┌──

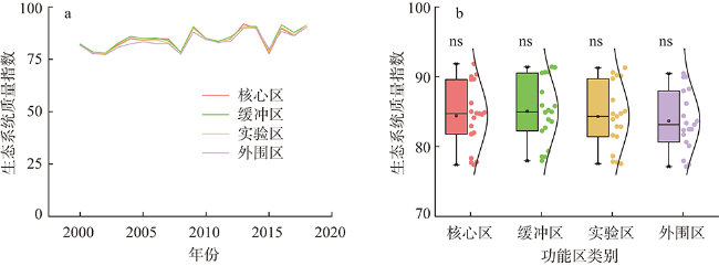 图4 辉河国家级自然保护区各功能区生态系统质量指数变化趋势及单因素方差分析Fig. 4 Changes in ecosystem quality index and ANOVA in each functional area of Huihe River National Nature Reserve |
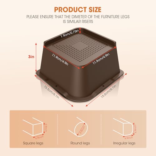 Bed Risers Heavy Duty, Oversized Furniture Risers, Support Up to 6000 Lbs, Lift 3 inch for Couch, Sofa, Table,Chair (Dark Brown 4 Pack, 3 inch)
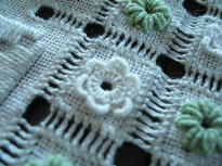 織り糸12本分の正方の穴を開けて抜いた糸を端で折り曲げて巻きかがり
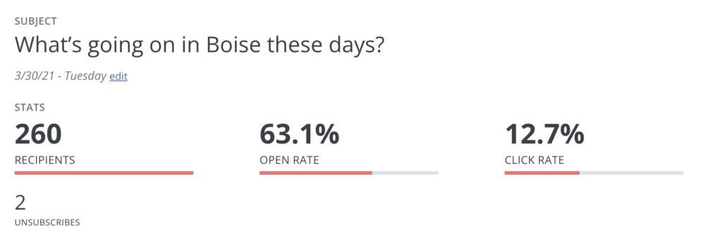 I’m very fortunate to be able to launch a venture like From Boise, build it to 10,000 subscribers, and not have it take up much time at all (I spend an hour or two a week on it at most). Hopefully this gives you some insight into what it takes to build a similar venture.
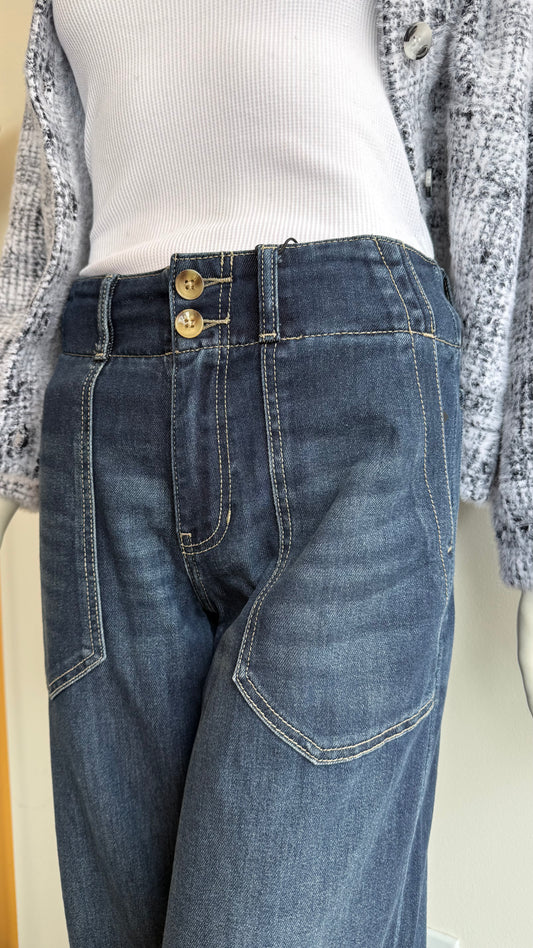 WIDE LEG PULL ON DK WASH
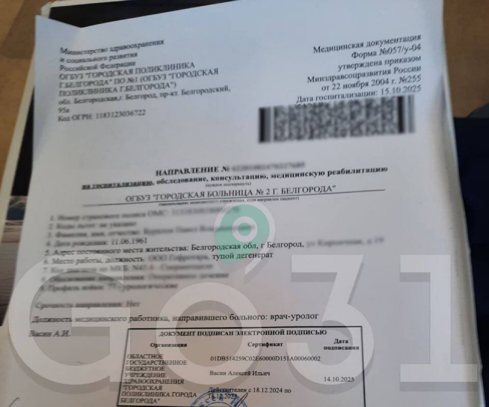 В Белгороде в карте пациента появилась надпись: "тупой дегенерат". Об этом сообщает "Медицинская Россия" со ссылкой на местное издание.
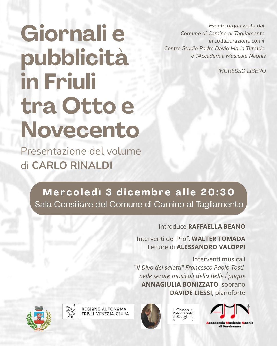 Presentazione del volume "Giornali e pubblicità in Friuli tra Otto e Novecento" di Carlo Rinaldi, edito a cura del Gruppo Volontari di Sedegliano, a cura del Centro Studi Padre David Maria Turoldo di Sedegliano e dell'Accademia Musicale Naonis di Pordenone.
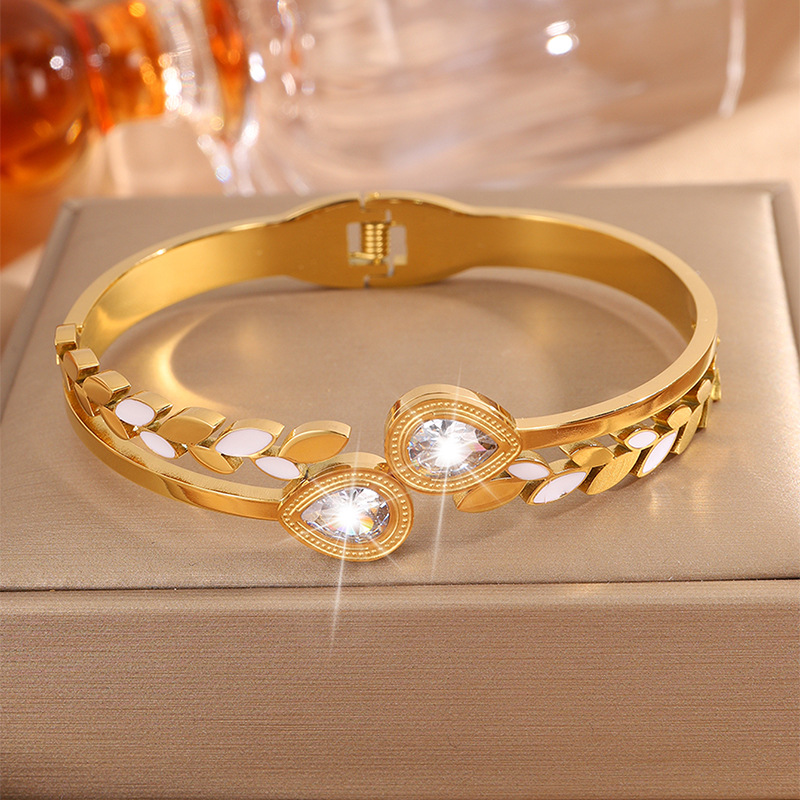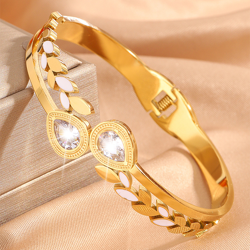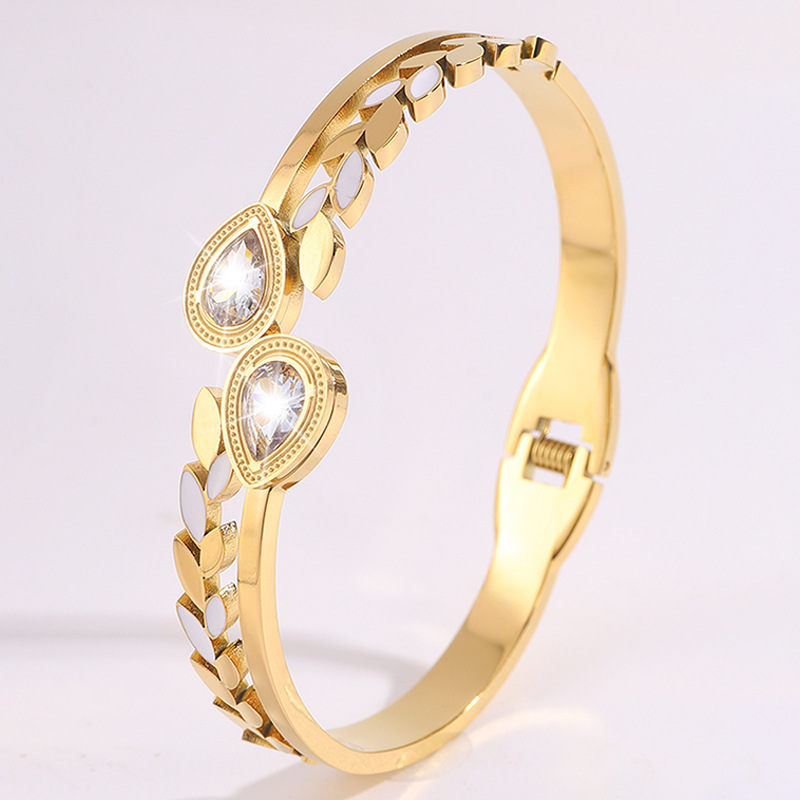 Bracelet en acier inoxydable, Acier inoxydable 304, Placage, pour femme & avec strass & creux, doré, Vendu par PC
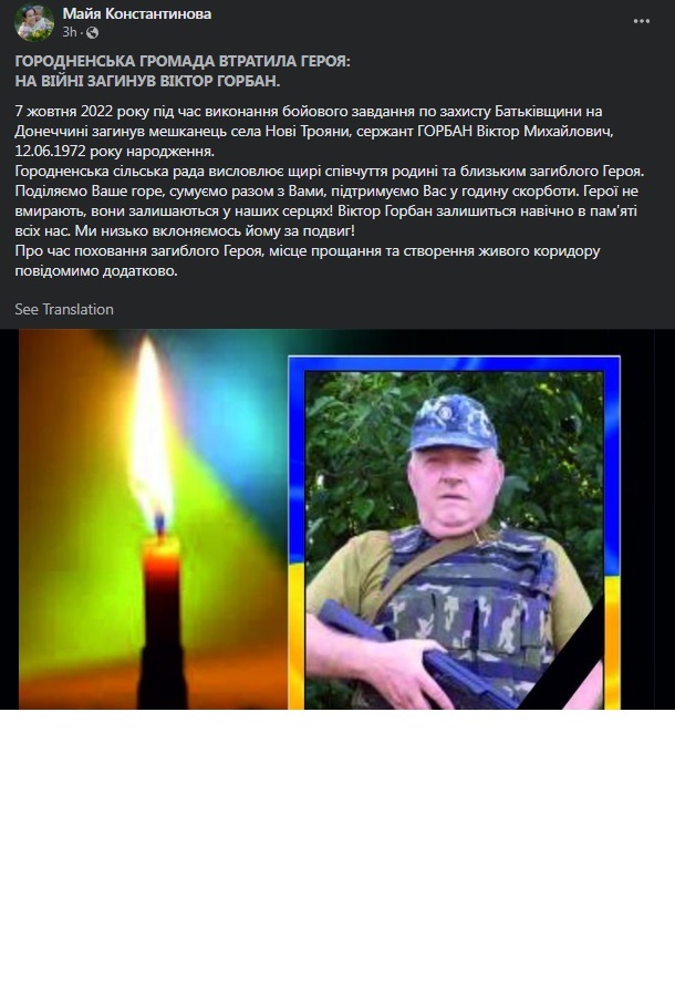 Сержант Виктор Горбан, родом от българското село Нови Троян, е бил убит по време на изпълнение на бойна задача.
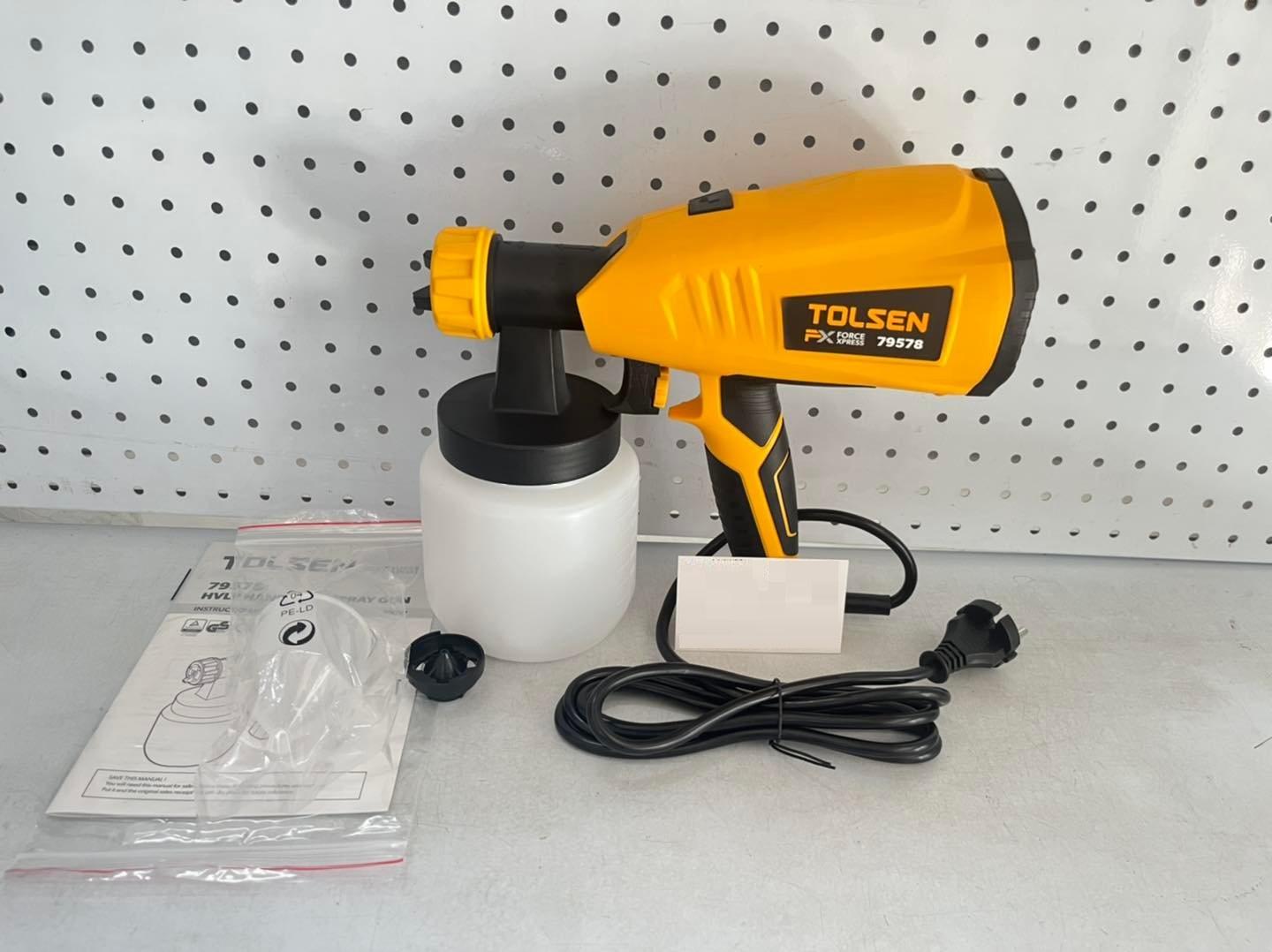Súng phun sơn dùng điện TOLSEN 79578 được thiết kế khá nhỏ gọn, có tính linh hoạt cao nên dễ dàng mang theo khi cần thiết. với thiết kế tay cầm được bọc một lớp

└──

** Exercise **
What is needed is an exact repetition of every line from the line with "Presentazione del volume" to the end of the data above, both ends included, with no pictures.

** Response to this exercise **
 Presentazione del volume "Giornali e pubblicità in Friuli tra Otto e Novecento" di Carlo Rinaldi, edito a cura del Gruppo Volontari di Sedegliano, a cura del Centro Studi Padre David Maria Turoldo di Sedegliano e dell'Accademia Musicale Naonis di Pordenone.
 Bracelet en acier inoxydable, Acier inoxydable 304, Placage, pour femme & avec strass & creux, doré, Vendu par PC
 Сержант Виктор Горбан, родом от българското село Нови Троян, е бил убит по време на изпълнение на бойна задача.
Súng phun sơn dùng điện TOLSEN 79578 được thiết kế khá nhỏ gọn, có tính linh hoạt cao nên dễ dàng mang theo khi cần thiết. với thiết kế tay cầm được bọc một lớp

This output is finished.